Anthony noted that colic is the top cause of death in horses, but if there had been a way to notify her that something was wrong, Magic could have been treated.

Over time, the system can tell us what’s going on without us having to teach it. That’s the AI (artificial intelligence).
Alexa Anthony

StableGuard is not simply a baby monitor with a camera in a horse stall. It’s a complex system in which the computer learns the behavior of its subject and can react accordingly for behavior that is out of the norm. It is currently the world’s only artificially intelligent 24/7 mobile device monitoring system being used to alert horse owners of emergencies or security issues with their horses. It sounds complicated, but Anthony said it’s similar to the way social media works.

“If I tag a picture of a friend on social media, and I tag their face, over time the computer will start to recognize that person’s facial characteristics,” Anthony explained. “Eventually, I won’t have to tag that person anymore, and it will start popping up suggestions whenever I post a picture of that person because it now knows what that person looks like. That’s facial recognition and machine-learning.

“Our system uses a very similar method where we tag hundreds of thousands of images of horses doing things; horse behavior, what it looks like for a horse to be standing up, laying down, wearing a blanket, drinking water, rolling around and things like that. Over time, the system can tell us what’s going on without us having to teach it. That’s the AI (artificial intelligence). Our customers like that they can check in at any time to see how their horse is doing, and they like that they can go back and see things through a feature we call ‘event playback.’ If we capture something, our system will send a 5 to 10 second clip to the user’s mobile app, so they can replay that event.”

StableGuard sends an alert to the owner’s mobile phone, although it’s more than just a downloadable app as much more goes into the set up with monitors in every stall which relay to an artificial intelligence computer.

Anthony incorporated the company in June 2017 and StableGuard went from inception to sales in approximately 90 days. It’s only been on the market since last December, and Anthony is working with her former teammate Katherine Schmidt, who is the Vice President for Sales and Marketing, along with three other former Gamecocks, to get the word out about StableGuard to members of the equine industry, including universities such as South Carolina who compete in equestrian, in the hopes of making a difference.

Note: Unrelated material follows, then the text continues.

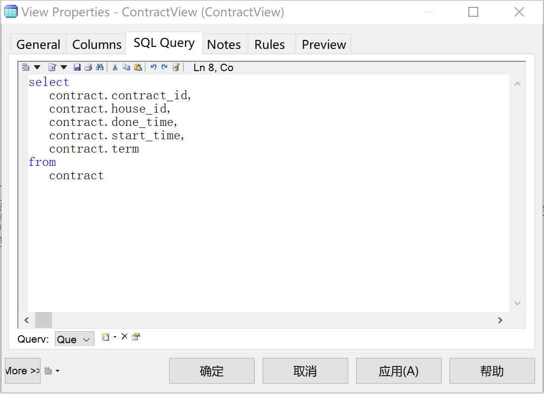 因此创建ContractView。选择“Tools->Create View”,新建一个视图,且使用限制为“只查询(query only)”,如图25所示。
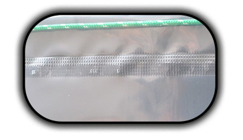 Gęsto żebrowana konstrukcja wykonana z wytrzymałego PCV, odpornego na warunki atmosferyczne oraz promieniowanie słoneczne. Dzięki temu materiał nie kruszeje, nie traci swoich właściwości a co najważniejsze nie koroduje.

“It’s a team of us working together,” Anthony said. “I’ve spoken with Coach Boo (Major) at South Carolina. She is very excited about StableGuard and would love to get it installed at One Wood Farm. I’ve also had conversations with other schools around the country who want to get the system installed.

“Everyone we speak to has a story about colic, or a horse getting stolen, or having to put a horse down.”

For her efforts, Anthony was recently recognized with the Young Alumni Award as part of the 2018 National Collegiate Equestrian Association Distinguished Alumni Awards. These awards are presented to women who, after the completion of their undergraduate degree at an NCEA institution, have made significant contributions in a professional field.

“It really is an honor to be considered for the award,” Anthony said. “In the four years I spent at the University of South Carolina with the other young women on the team and competing with other women across the United States, there are a lot of high caliber women. It’s just an honor to be considered.”